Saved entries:
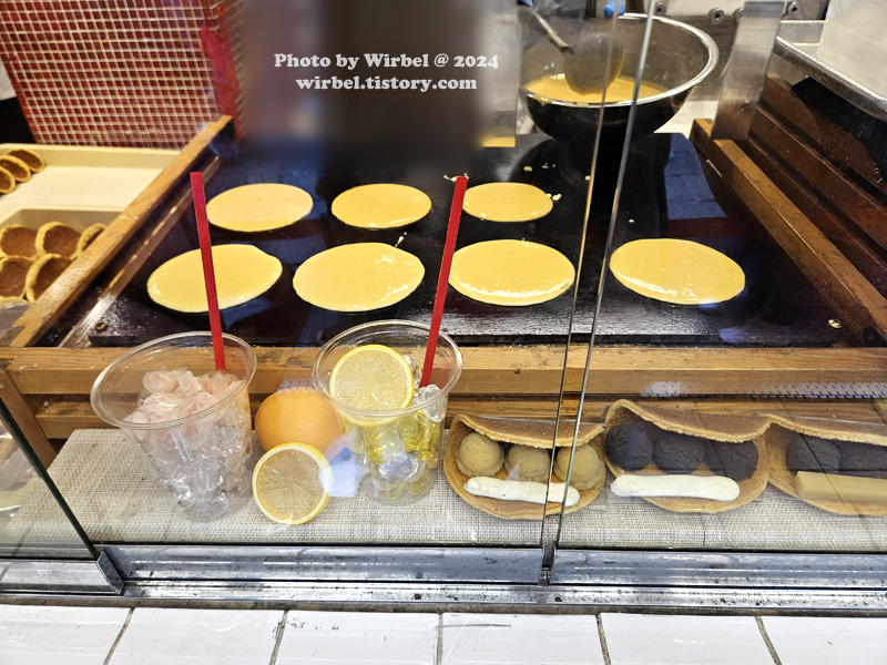 후나와 도라야키는 두께감이 있는 팬케이크 안에 단팥소가 들어가 있습니다.
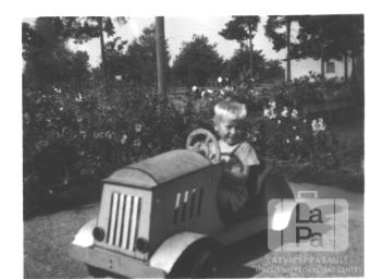Pāvils Menska sēž rotaļu automašīnā dārzā Valkas nometnē Nirnbergā (amerikāņu zonā) 1945.–1946. gadā. Fonā aug puķes un atsevišķi koki; labajā pusē tālumā ir redzama ēka. Par šo gadījumu Pāvils Menska stāsta: "Es ar savu jauno auto, kas tēvam maksāja nezinu cik daudz cigaretes."
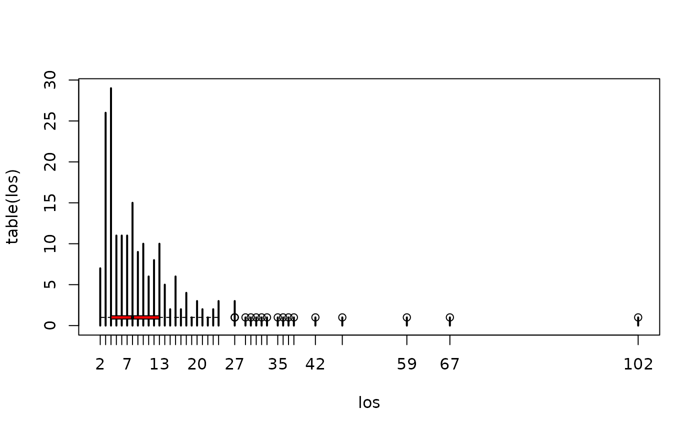 boxplot(los, add = TRUE, staplewex= 0.2, outcex= 0.5, outpch= 4,
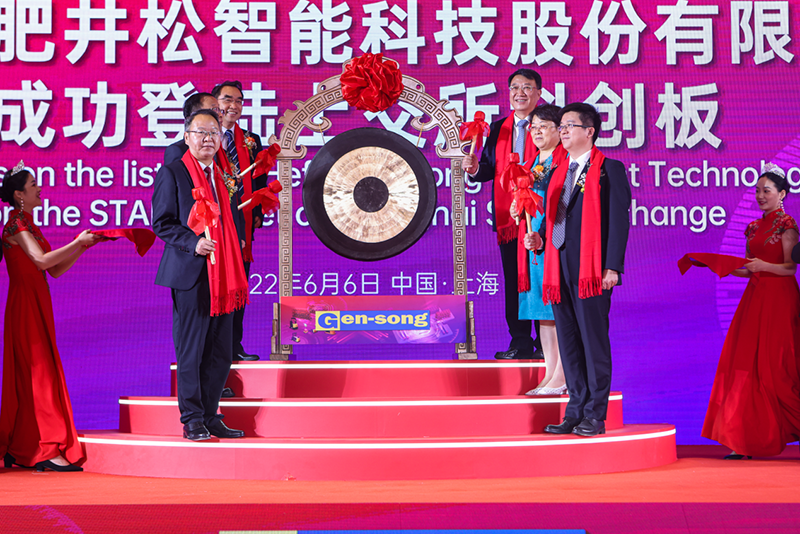 上午9时30分,在数百位嘉宾的见证下,姚志坚董事长和合肥市委副书记、市长罗云峰一起为“合肥井松智能科技股份有限公司成功登陆上交所科创板上市仪式”正式鸣锣。
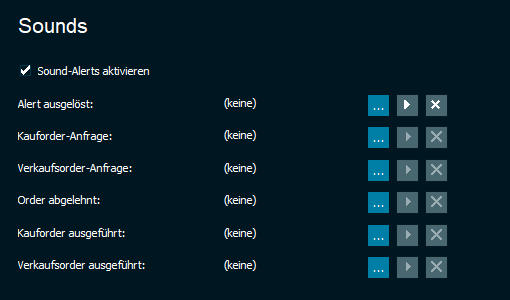 Musik, Soundclips oder jede andere Form von Sound können verwendet werden, um Sie zu informieren, wenn handelsbezogene Ereignisse stattgefunden haben.
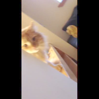 A fluffy orange cat stands opposite the person behind the camera and pokes his head out from behind a pole. The camera switches to the other side of the pole and the cat follows suit, quickly shifting back and forth repeatedly.

■ PROBLEM TO WORK ON ■
Start at the top of the entries and repeat each line exactly, ending at the line that contains "Musik, Soundclips oder". Pictures are not part of the copy.

■ EXERCISE RESULT ■
 후나와 도라야키는 두께감이 있는 팬케이크 안에 단팥소가 들어가 있습니다.
Pāvils Menska sēž rotaļu automašīnā dārzā Valkas nometnē Nirnbergā (amerikāņu zonā) 1945.–1946. gadā. Fonā aug puķes un atsevišķi koki; labajā pusē tālumā ir redzama ēka. Par šo gadījumu Pāvils Menska stāsta: "Es ar savu jauno auto, kas tēvam maksāja nezinu cik daudz cigaretes."
 boxplot(los, add = TRUE, staplewex= 0.2, outcex= 0.5, outpch= 4,
 上午9时30分,在数百位嘉宾的见证下,姚志坚董事长和合肥市委副书记、市长罗云峰一起为“合肥井松智能科技股份有限公司成功登陆上交所科创板上市仪式”正式鸣锣。
 Musik, Soundclips oder jede andere Form von Sound können verwendet werden, um Sie zu informieren, wenn handelsbezogene Ereignisse stattgefunden haben.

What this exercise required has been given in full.